The pod next to hers is rented by the day for some VND200,000.

After the sleeping pod model appeared in townhouses and became very popular, owners of apartments in Hanoi and HCMC too installed bunk beds dormitory- or homestay-style.

Many of their tenants say they prefer them because of the modern living space and amenities and services available to them.

In Hanoi, this arrangement has become common in a 24-story apartment tower on Nghiem Xuan Yem Street, a 32-story tower in Dai Kim Ward, Hoang Mai District and a 29-story tower on Tran Phu Street, Ha Dong District.

They are leased out by the owners themselves or lessees who renovate the apartments and subleases sleeping pods and bunk beds.

The rent for each is VND1.6-3 million, and includes maintenance fee and all utilities.

In some places, where it is difficult to find long-term tenants, owners also rent out the pods by the day.

An apartment with several sleep boxes.
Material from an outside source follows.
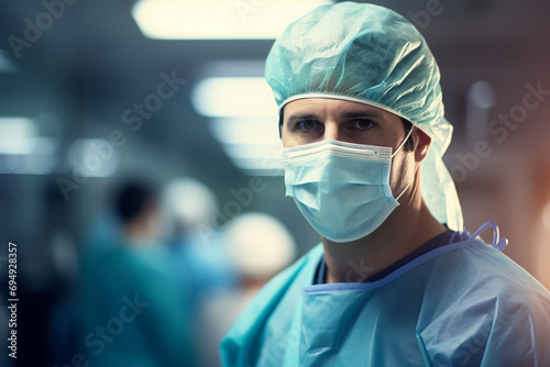 Portrait of a surgeon in a hospital, a man in surgical attire overseeing a medical care operation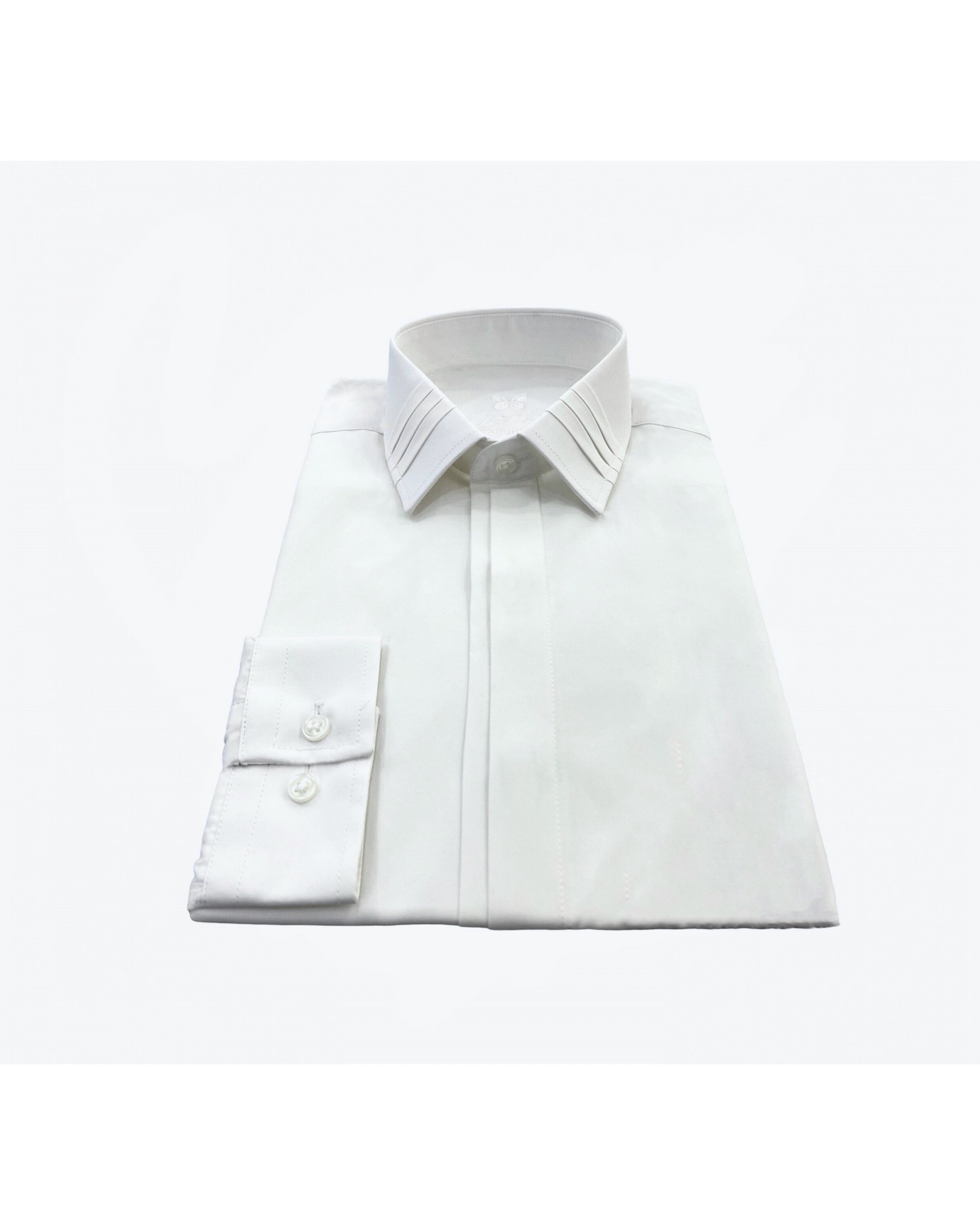 Cette chemise fabriquée dans un tissu ”facile à repasser” vous donnera un confort au quotidien. Son col français plissé vous assurera un look élégant et original. Patte de boutonnage cachée et poignet mixte (bouton de manchette possible).

Photo courtesy of the apartment’s owner

An apartment with several sleep boxes. Photo courtesy of the apartment’s owner

Quoc, a veteran real estate investor in HCMC did the math to explain to VnExpress why this model has become wildly popular with landlords in the last two or three years.
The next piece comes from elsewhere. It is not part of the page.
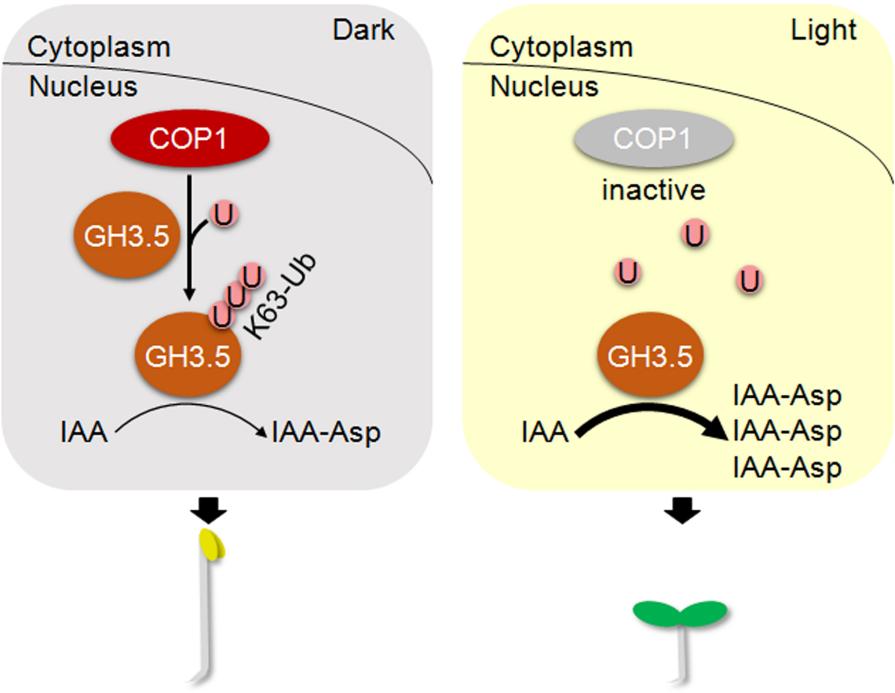 本研究首先通过遗传学和生物化学实验发现COP1在拟南芥体内参与K63泛素链的形成。接着,为筛选COP1介导的K63泛素化的底物,利用IP-MS技术设计了两套蛋白鉴定实验:一方面利用能特异结合K63泛素链的K63 TUBE(K63 TANDEM UBIQUITIN BINDING ENTITY)琼脂糖凝珠从拟南芥体内富集并鉴定K63泛素化依赖于COP1的蛋白;另一方面利用常规的IP-MS鉴定COP1的互作蛋白。据此,研究团队鉴定到GH3.5可能是COP1 K63泛素化的底物。GH3.5属于生长素酰胺合成酶家族,能够催化IAA与天冬氨酸(Asp)共价连接成IAA-Asp,从而失活IAA,抑制下胚轴伸长。本研究证实COP1能够对GH3.5进行K63泛素化修饰,进一步发现COP1介导的K63泛素化不影响GH3.5的蛋白稳定性,却显著抑制GH3.5的酶活,从而抑制IAA-Asp的生成、维持IAA的活性,最终促进下胚轴伸长。光信号可以逆转COP1介导的GH3.5酶活抑制,促进IAA催化为IAA-Asp,从而失活IAA、抑制下胚轴伸长(图1)。综上,该工作发掘了COP1介导的泛素化修饰调控蛋白降解之外的新功能,揭示了光信号调控生长素活性的分子机制,为光控生长素代谢调节植物形态建成的研究提供了新视角。

He said the average rent for a two-bedroom apartment is VND12 million a month in HCMC excluding electricity, water and service fees. But if the owner installs three or four bunk beds per bedroom to accommodate 12-16 people, the total monthly rent could be VND20-28 million, he said.

Tran Khanh, chairman of the Hanoi Building Management Operating Club, said more and more apartments are being turned into dormitories, homestays and sleeping boxes due to demand from people with low incomes and those who just need a place to sleep at night.

Some also like the comforts of an apartment without paying too much, he said.

Trang said many students like her want to have a good place to live.

For the rent she pays, were she to rent a house by herself, she would have to live far from the city center or in a shabby place, she pointed out.

Nevertheless, there are inconveniences like having to share a few toilets with dozens of people, she said.

Neighbors’ ire

But her annoyance pales in comparison with that of neighbors as the population in their apartment building explodes as a result of having a dozen occupants to a unit.

Ngan, who lives in a 31-story apartment building on Nguyen Xien Street, Thanh Xuan District, said residents have complained to the building management many times about the crowded apartments posing risks of fires and explosions and even threats to social order and security.

A recurrent problem is overloading of elevators and parking lots, she said.

In early October some occupants blocked the entrance to the parking lot to protest against the management’s failure to control the situation.

Conflicts between residents and sleep-box tenants became so frequent and fierce that the building developer had to convene a meeting with owners and the local police.

It was agreed that people leasing bunks beds and pods would liquidate all contracts within a month and after that limit the number of tenants to six adults in the case of a three-bedroom apartment and five in a two-bedroom unit.

Khanh said to get construction approval apartment developers carefully calculate the expected population size to ensure it is appropriate for local conditions and technical and social infrastructure could be adequately provided.

Thus, a big increase in population throws things out of kilter and affects the quality of life.

Chu Thi Minh Ngoc, head of property management at real estate consultancy CBRE Vietnam, said dividing apartments into smaller units is not approved by the management agency so it poses risks.

Khanh said it is necessary to clearly stipulate the maximum number of people allowed to live in each apartment before they are handed over to the owners.